KabarMalaysia.com — Presiden Republik Rakyat Tiongkok, Xi Jinping, dijadwalkan melakukan kunjungan resmi ke tiga negara Asia Tenggara pekan depan: Vietnam, Malaysia, dan Kamboja. Ini merupakan perjalanan luar negeri pertama Xi sepanjang tahun 2025, yang berlangsung di tengah meningkatnya ketegangan perdagangan antara Beijing dan Washington.
Kementerian Luar Negeri Tiongkok mengonfirmasi bahwa lawatan kenegaraan tersebut akan berlangsung mulai Senin, 14 April hingga Jumat, 18 April 2025. Kunjungan ini dipandang sebagai strategi diplomatik Beijing untuk mempererat hubungan regional serta menunjukkan ketangguhan dalam menghadapi tekanan tarif tinggi dari Amerika Serikat.
Hanoi Jadi Persinggahan Pertama
Presiden Xi akan memulai rangkaian kunjungannya di Hanoi, Vietnam, pada 14 hingga 15 April, atas undangan resmi Presiden Luong Cuong. Ini menjadi kali pertama Xi kembali menginjakkan kaki di ibu kota Vietnam sejak kunjungannya pada Desember 2023.
Vietnam selama ini dikenal dengan strategi “diplomasi bambu”—pendekatan luwes namun penuh perhitungan dalam menjaga keseimbangan relasi antara dua kekuatan besar: China dan Amerika Serikat. Di balik hubungan yang tampak bersahabat, Hanoi tetap menyimpan kegelisahan atas langkah agresif Beijing di wilayah sengketa Laut China Selatan.
Kendati demikian, keterkaitan ekonomi kedua negara tetap erat.

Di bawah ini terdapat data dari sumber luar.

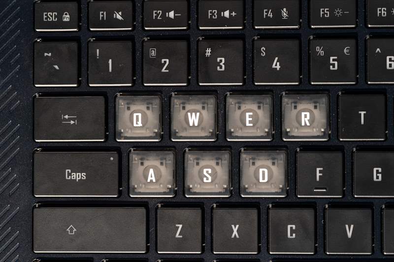 Cam așa se prezintă tastatura, profil slim cu taste care oferă feedback decent + iluminare RGB. Modelul vine fără numpad, dar cu fiecare tasta full-size si spațiată corespunzător.

China merupakan salah satu investor utama di Vietnam, memperkuat ketergantungan ekonomi meskipun tensi geopolitik terus membayangi.
Berlanjut ke Malaysia dan Kamboja
Usai kunjungan ke Vietnam, Xi akan melanjutkan lawatan kenegaraannya ke Malaysia pada 15–17 April. Pemerintah Malaysia menyambut kunjungan ini sebagai bagian penting dalam memperkuat kemitraan dagang strategis dengan Tiongkok. Kunjungan tersebut dipandang mampu mendorong momentum kerja sama bilateral yang selama ini telah tumbuh secara signifikan.
Pada 17 April, Presiden Xi dijadwalkan tiba di Phnom Penh, Kamboja. Relasi antara Beijing dan Phnom Penh telah terjalin erat selama beberapa dekade, terutama sejak era kepemimpinan Hun Sen, ayah dari Perdana Menteri saat ini, Hun Manet. China telah menanamkan investasi bernilai miliaran dolar AS di berbagai proyek infrastruktur Kamboja, menjadikan negeri itu sebagai mitra utama Beijing di Asia Tenggara.
Pemerintah Kamboja menyebut lawatan Xi sebagai “penanda penting” dalam mempererat hubungan historis antara kedua negara. Sementara itu, hubungan Phnom Penh dengan Washington justru merosot dalam beberapa tahun terakhir, memberikan ruang lebih besar bagi Beijing untuk memperkuat pengaruhnya.
Konstelasi Perdagangan Global Jadi Latar Belakang
Lawatan ini berlangsung dalam konteks perdagangan global yang tengah bergolak. Negara-negara Asia Tenggara seperti Vietnam, Malaysia, dan Kamboja kini merasakan dampak dari kebijakan tarif tinggi yang diterapkan Amerika Serikat. Vietnam dikenai tarif hingga 46 persen, Kamboja 49 persen, dan Malaysia 24 persen.
Beberapa negara mulai menjalin komunikasi dengan pihak Washington untuk menegosiasikan pelonggaran beban tarif tersebut. Namun di tengah ketidakpastian, Beijing justru memanfaatkan celah ini untuk memperkokoh solidaritas regional melalui pendekatan yang konsisten dan intensif.
Dalam beberapa pekan terakhir, Menteri Perdagangan Tiongkok Wang Wentao mengadakan serangkaian pertemuan virtual dengan para mitra dari Uni Eropa, Malaysia, Arab Saudi, hingga Afrika Selatan. Sementara itu, Perdana Menteri Tiongkok Li Qiang turut menjalin komunikasi diplomatik dengan Presiden Komisi Eropa Ursula von der Leyen, menekankan pentingnya menegakkan sistem perdagangan global yang adil, inklusif, dan setara.
Kunjungan Xi ke Asia Tenggara menjadi sinyal kuat bahwa Beijing tak tinggal diam dalam menghadapi tekanan eksternal—melainkan aktif memperluas pengaruhnya di halaman depan kawasan Asia.